I parlamenti nazionali sono morti, in realtà hanno margini solo su qualche riforma interna. E’ un primo inizio di quanto davvero accadrà, ovvero una unione politica dove però il governo è franco-tedesco con asse Parigi-Berlino.
Le dichiarazioni riportate da Reuters secondo cui Merkollande non ha ancora deciso su Spagna e Italia fà ben capire il clima. Da giornalista avrei chiesto ” ma come decideono Francia e Germania sulle sorti di due Paesi sovrani?”, ma forse i giornalisti già lo sanno da tempo che i parlamenti, alcuni almeno, servono per deliberare grandi riforme decise altrove e piccole riformette se non addirittura lo status quo.
Pensavo davvero che i governi tecnici greco e italiano , unitamente ad un cambio di mentalità nazionale a tutti i livelli, avrebbero portato una inversione di tendenza, invece se ne vede solo la lotta contro i partiti e contro la mentalità dominante, la solita, la stessa che ci ha portato in malora (Confindustria parla di economia da guerra, e la valanga deve ancora registrarsi bene fra un anno o due secondo statistiche) e invece nulla, pare che si tratti di una parentesi e che poi le popolazioni siano pronte a dimenticare, o dare fiducia a estremismi di dubbia efficacia risolutiva ma di molta efficacia per voto di protesta.
Finiti gli europei si torna alla realtà.
Il motto del Gattopardo è sempre valido per il nostro Paese: qualcosa deve cambiare affinchè tutto resti come prima.

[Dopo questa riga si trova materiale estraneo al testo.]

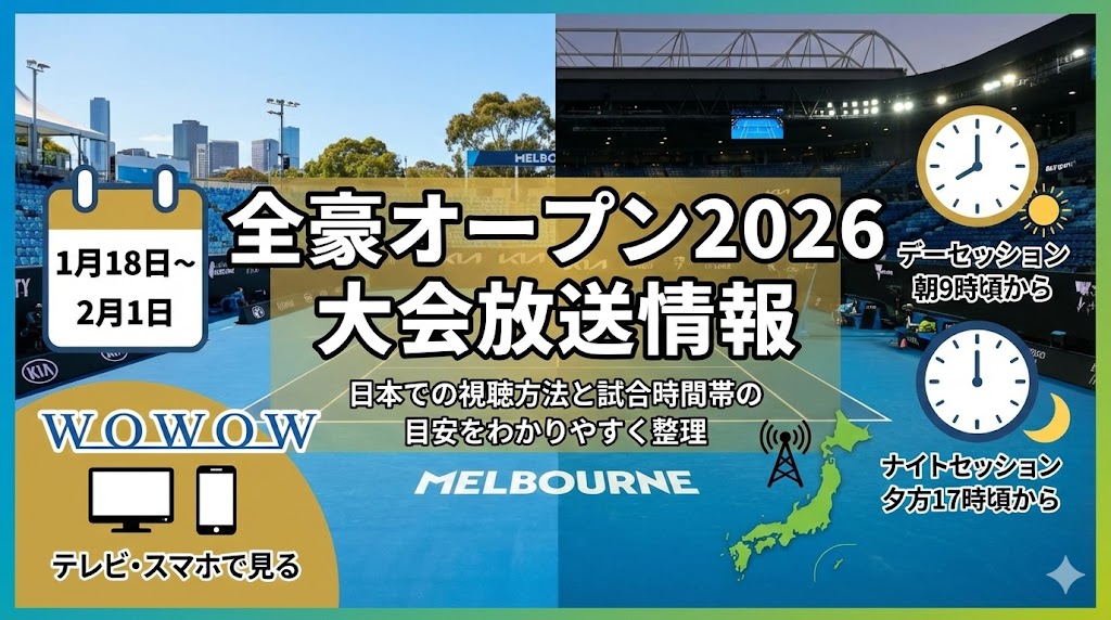 全豪オープン2026を日本で安定して観るなら、WOWOWとWOWOWオンデマンドを軸に考えるのが近道です。日本時間はデーが朝9時前後、ナイトが夕方17時前後がひとつの目安になります。まずは本戦開幕の1月18日から決勝の2月1日に向けて、観戦しやすい時間帯の日を先に押さえておくと、追いかけやすくなります。
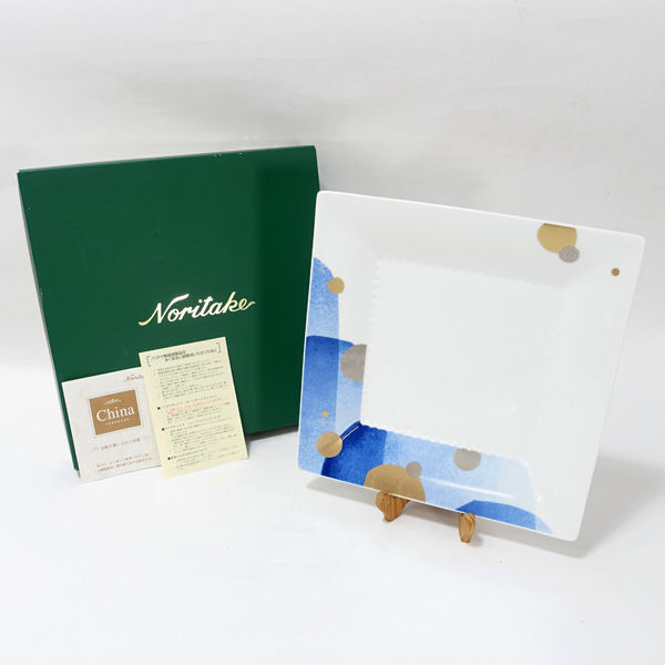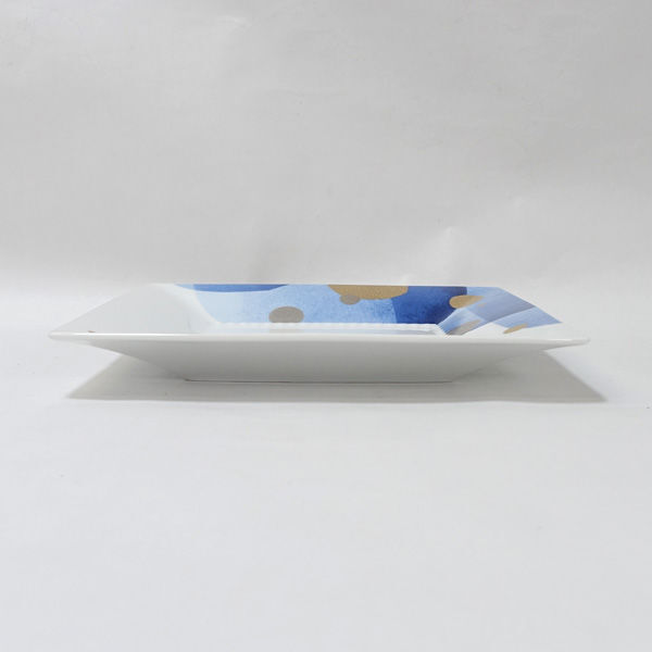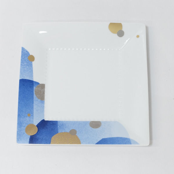 | 白磁にブルーの色紙柄、金彩をまとった上品な器です。 |

Resterà tutto come prima per alcune caste, ma il Paese è allo sfascio cronometrato. Il FMI ci aspetta. Mi auguro una presa di posizione dei cittadini italiani alla quale ci uniremo noi cittadini all’estero, già indignati e sensibili a questo tentativo di rovinare il Paese per le solite poltrone. O l’Italia si desta, o sarà considerata come disse Matternich ” una espressione geografica”, preda di conquiste economiche e politiche da parte di Stati stranieri, cosa del resto già in corso.

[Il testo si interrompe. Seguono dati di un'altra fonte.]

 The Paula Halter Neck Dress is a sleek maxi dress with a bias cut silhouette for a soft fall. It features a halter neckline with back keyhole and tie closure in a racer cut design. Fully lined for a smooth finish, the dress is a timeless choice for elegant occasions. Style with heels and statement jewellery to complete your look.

Se USE deve essere almeno che si abbia un ruolo importante, come lo avemmo quando si crearono le prime istituzioni comunitarie.
Ci vorrebbero dei nuovi Coccodrilli a Bruxelles, e invece abbiamo persone che a stento parlano inglese..capirai che bella lobbing riesci a fare se non partecipi ai salotti per scarsa capacità comunicativa..

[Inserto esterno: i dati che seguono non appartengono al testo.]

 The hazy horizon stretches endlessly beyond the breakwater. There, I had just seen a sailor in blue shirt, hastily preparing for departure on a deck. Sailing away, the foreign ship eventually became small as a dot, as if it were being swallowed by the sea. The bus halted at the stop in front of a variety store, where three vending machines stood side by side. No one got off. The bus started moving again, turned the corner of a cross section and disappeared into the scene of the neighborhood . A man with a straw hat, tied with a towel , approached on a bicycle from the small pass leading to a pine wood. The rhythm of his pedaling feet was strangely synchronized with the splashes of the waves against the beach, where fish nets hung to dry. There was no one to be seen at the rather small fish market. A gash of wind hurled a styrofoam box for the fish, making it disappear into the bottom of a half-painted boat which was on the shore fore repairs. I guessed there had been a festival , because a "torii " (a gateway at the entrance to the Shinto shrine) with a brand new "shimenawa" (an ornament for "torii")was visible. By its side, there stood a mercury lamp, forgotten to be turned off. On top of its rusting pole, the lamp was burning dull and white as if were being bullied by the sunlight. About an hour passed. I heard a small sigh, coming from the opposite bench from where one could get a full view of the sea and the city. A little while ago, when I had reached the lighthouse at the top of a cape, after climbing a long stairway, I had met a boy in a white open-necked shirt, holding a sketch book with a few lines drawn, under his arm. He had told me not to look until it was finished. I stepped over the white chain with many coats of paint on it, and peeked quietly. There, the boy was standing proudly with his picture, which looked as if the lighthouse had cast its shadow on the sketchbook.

Ciao Barbamamma e Massimiliano, quanto tempo che non ci si scrive! Nel frattempo ho delocalizzato i risparmi (legalmente, con bonifico..) in Svizzera, cambiando anche in CHF quasi tutto. Con l’euro che scende sull’ USD e il CHF ancorato a 1,20, cosa potrà succedere? Visto dove siamo arrivati (cross eur/usd a 1,21) cosa faccio? Potrei fare uno switch in NOK, ma ora conviene? Non ho avuto il coraggio di cambiare in USD quando era a 1,25, figurati ora.. Che mi consigliate?
Succederà che quando scatterà la patrimoniale a quelli come te che hanno portato i soldi all’estero gliela faranno pagare doppia. Così oltre lo sbattimento del quadro RW, l’inflazione che te li divora, i costi delle Banche Svizzere che sono tripli di quelle Italiane, finirai pure per pagare anche il doppio di chi li ha lasciati in Italia. Non sarai mica uno di quei furboni che hanno seguito i consigli di personaggi quali Paolo Barrai di Mercato Libero?!
dissento su tutta la linea, tra l’altro basta leggere le nostre recensioni per scoprire che i costi delle banche estere sono spesso inferiori a quelli italiani e che ad esempio la patrimoniale di Monti risulta piu’ vantaggiosa rispetto a chi deposita in Italia o in UE, proprio per chi lo fa in Svizzera.
ne abbiamo parlato ampiamente in questo articolo
http://www.piccolorisparmio.eu/index.php/tassazione-sui-conti-esteri.html
e trattandosi di costi visibili pubblicamente, si tratta di fatti, non di opinioni.